- _PROMPT_: Please transcribe exactly the lines from the first line of the records below through the line containing "- ※走行中、またはテーブル", including both, and omit all pictures.

· · · · ·

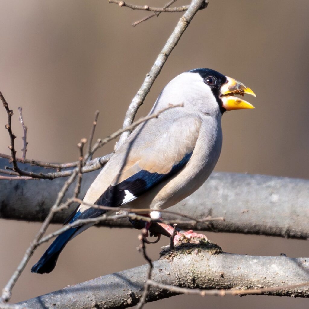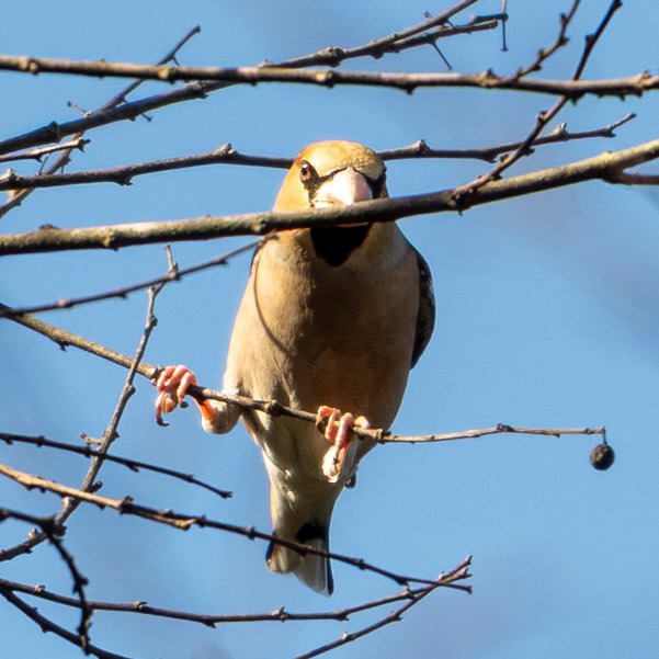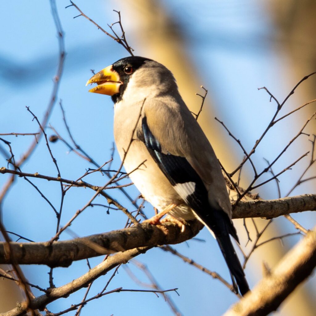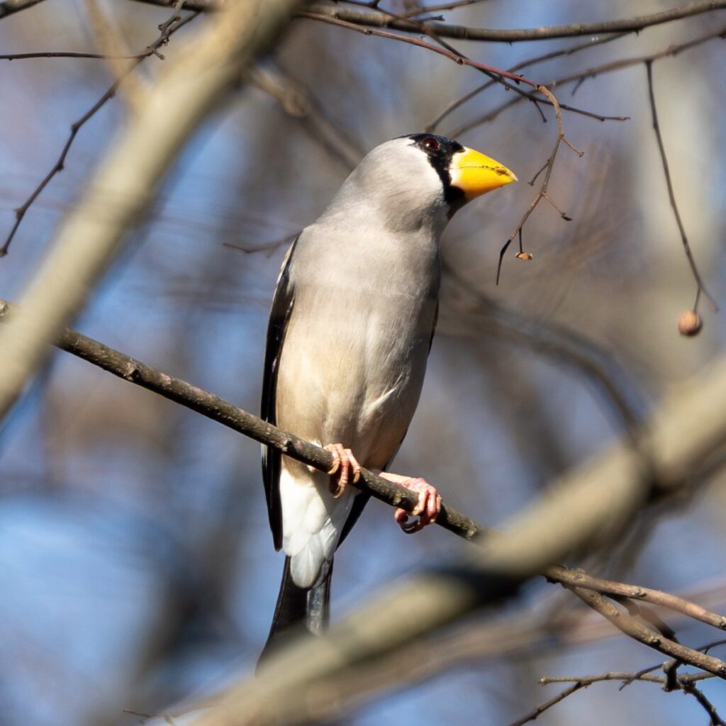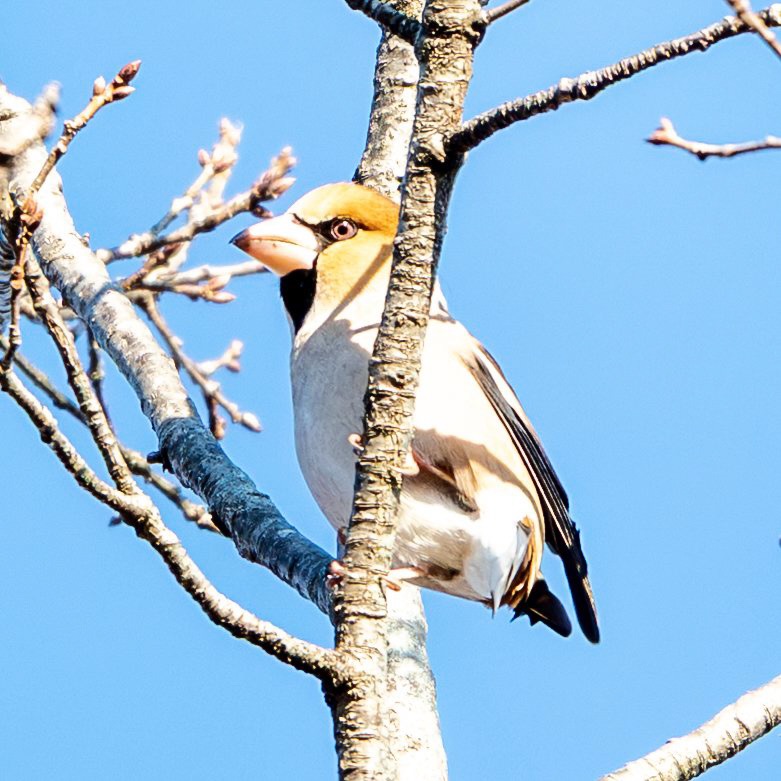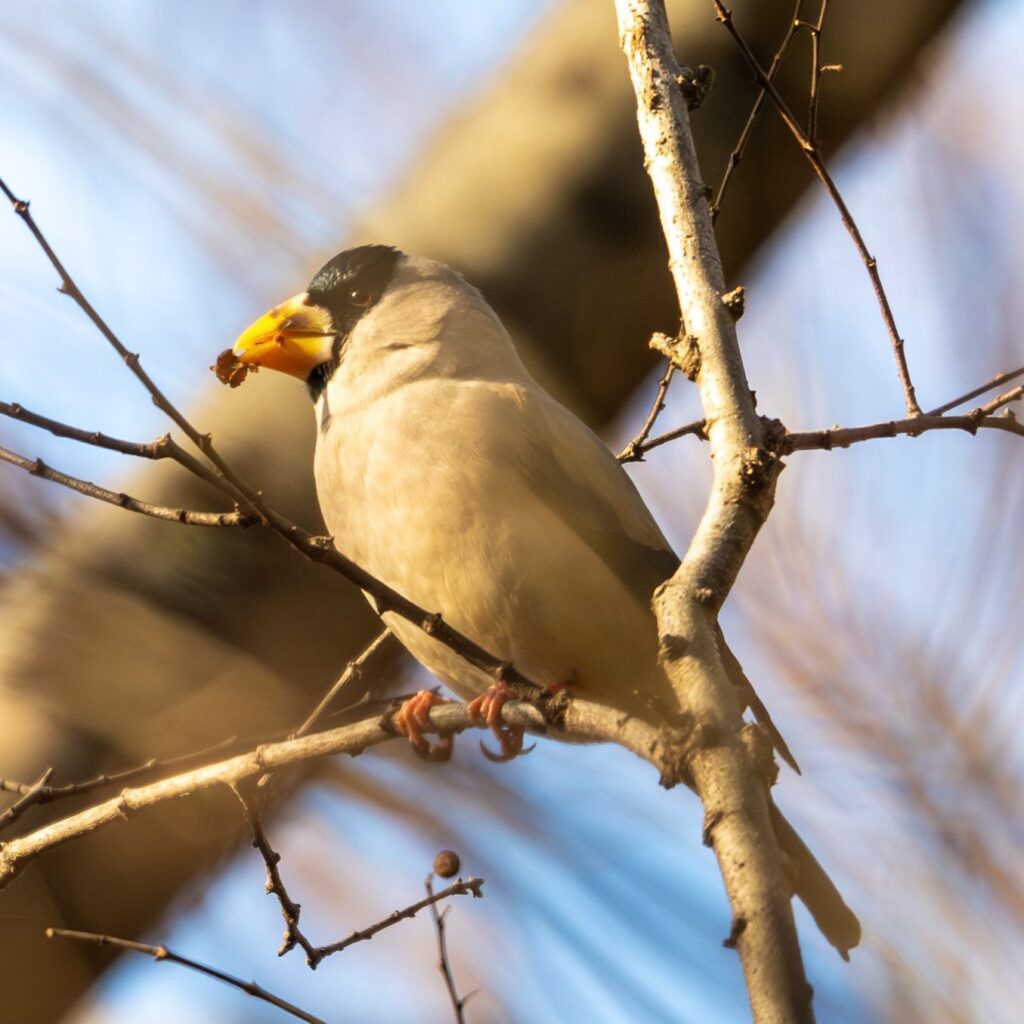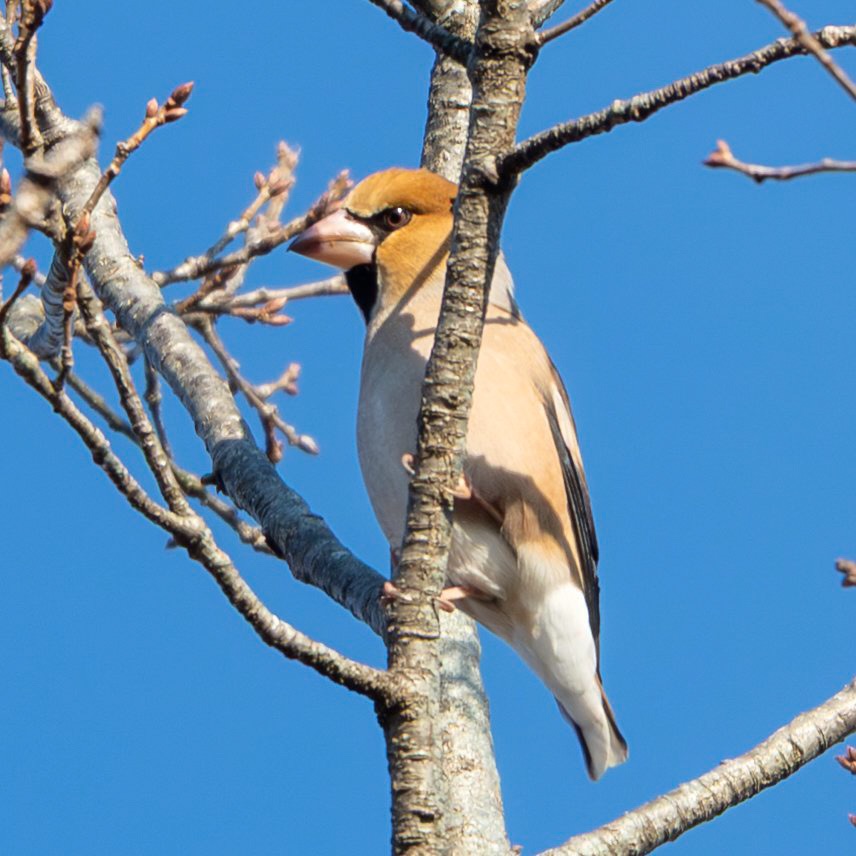 チチチという声が聞こえてきたので、周囲を見回すとシメちゃんが木の上の方に止まっていました。
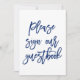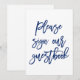 Placa moderna e elegante que diz "Por favor, assine nosso livro de visitas" em azul marinho
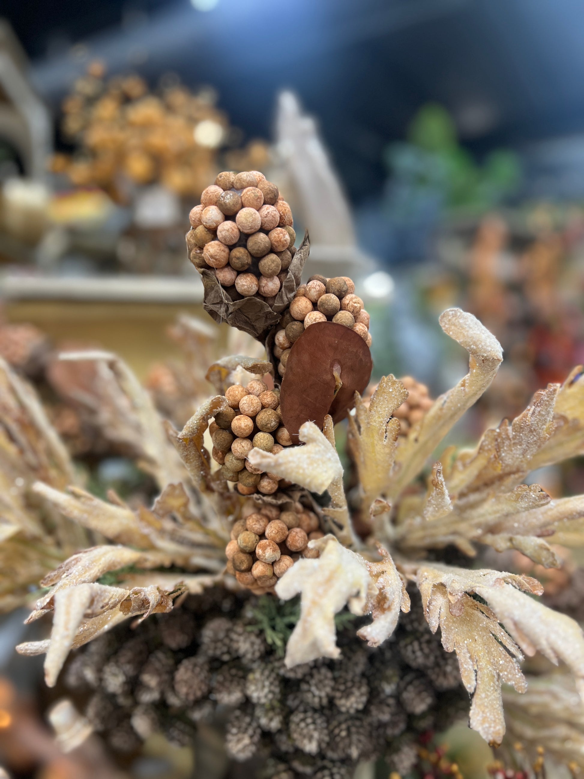 This 18" autumn pod berry spray is a beautiful seasonal accent, featuring rich fall colors with natural-looking pods and berries. Perfect for adding texture and warmth to arrangements, wreaths, centerpieces, or vases, it captures the essence of autumn and enhances any harvest décor.
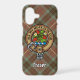 Clan Fraser crest badge surrounded by a strap and buckle over hunting weathered tartan background. Custom text.
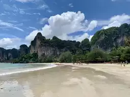📍 Krabi: Cliffs covered in greenery rise majestically. Hidden caves in Phang Nga Bay await discovery, while kayaks glide across emerald waters, startling flocks of seagulls into flight.
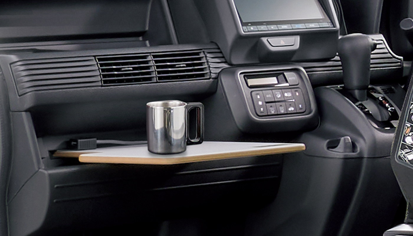 - ※走行中、またはテーブルを使用しないとき、または助手席を倒すときは、テーブルを取り外してください。
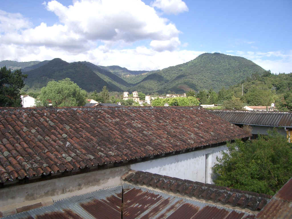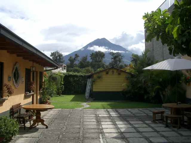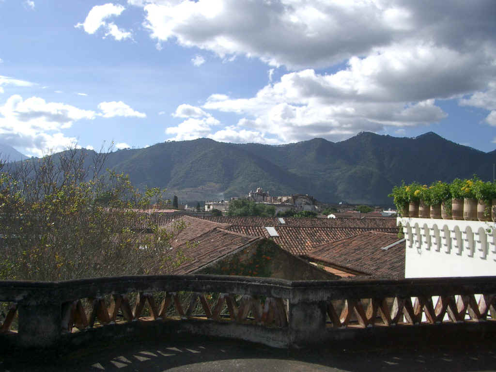 Our bedroom window looks on a beautiful volcano rising above the end wall of the courtyard. In fact, every view in Antigua seems to feature one or more volcanoes.
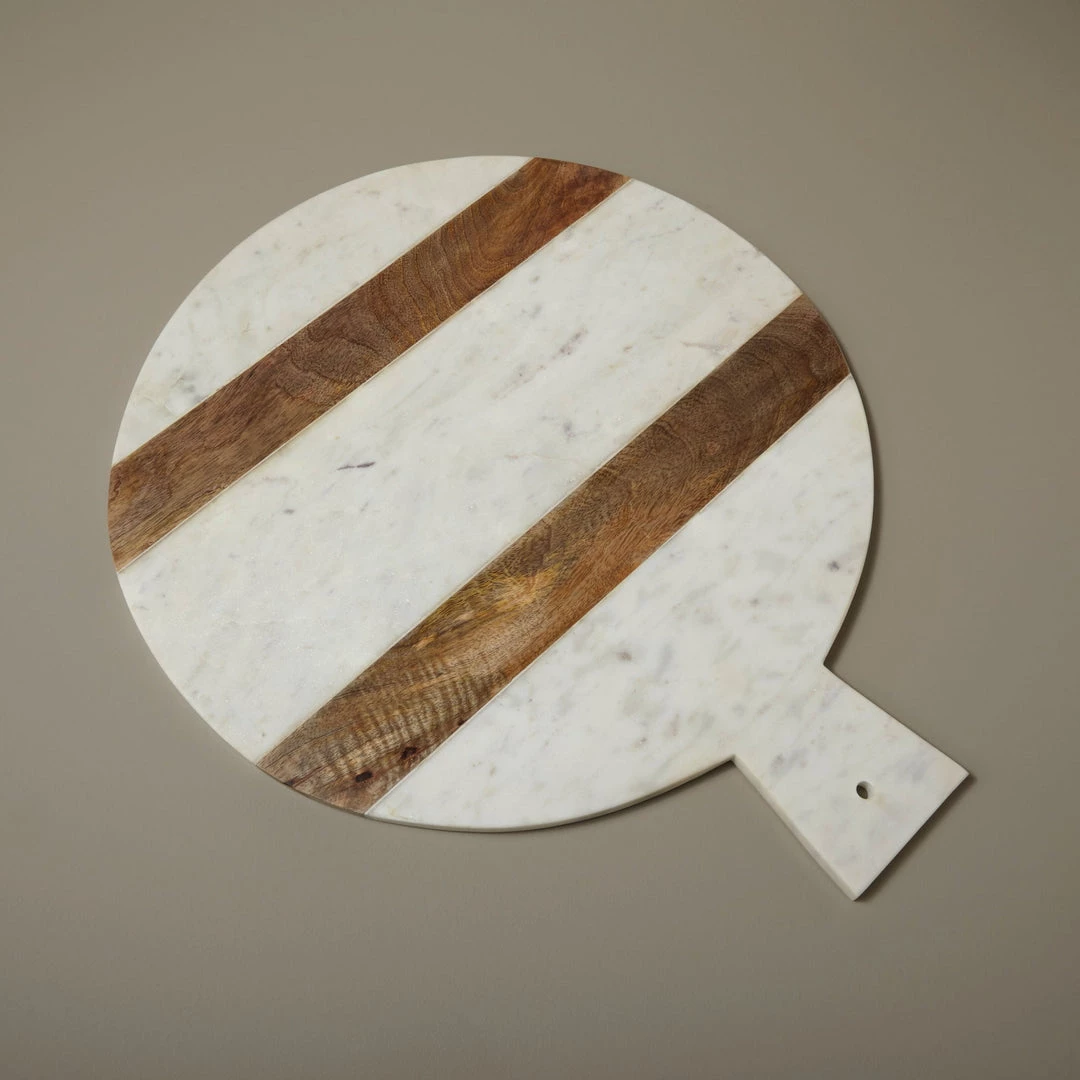 A hand-crafted mix of white marble, reclaimed pine with contrasting strips of natural hardwood, and jute rope tie attached. Imported from India, this stunning marble and wood board makes for a beautiful presentation to serve cheese and charcuterie.

· · · · ·

- _SOLVED PROBLEM_:
 チチチという声が聞こえてきたので、周囲を見回すとシメちゃんが木の上の方に止まっていました。
 Placa moderna e elegante que diz "Por favor, assine nosso livro de visitas" em azul marinho
 This 18" autumn pod berry spray is a beautiful seasonal accent, featuring rich fall colors with natural-looking pods and berries. Perfect for adding texture and warmth to arrangements, wreaths, centerpieces, or vases, it captures the essence of autumn and enhances any harvest décor.
 Clan Fraser crest badge surrounded by a strap and buckle over hunting weathered tartan background. Custom text.
📍 Krabi: Cliffs covered in greenery rise majestically. Hidden caves in Phang Nga Bay await discovery, while kayaks glide across emerald waters, startling flocks of seagulls into flight.
 - ※走行中、またはテーブルを使用しないとき、または助手席を倒すときは、テーブルを取り外してください。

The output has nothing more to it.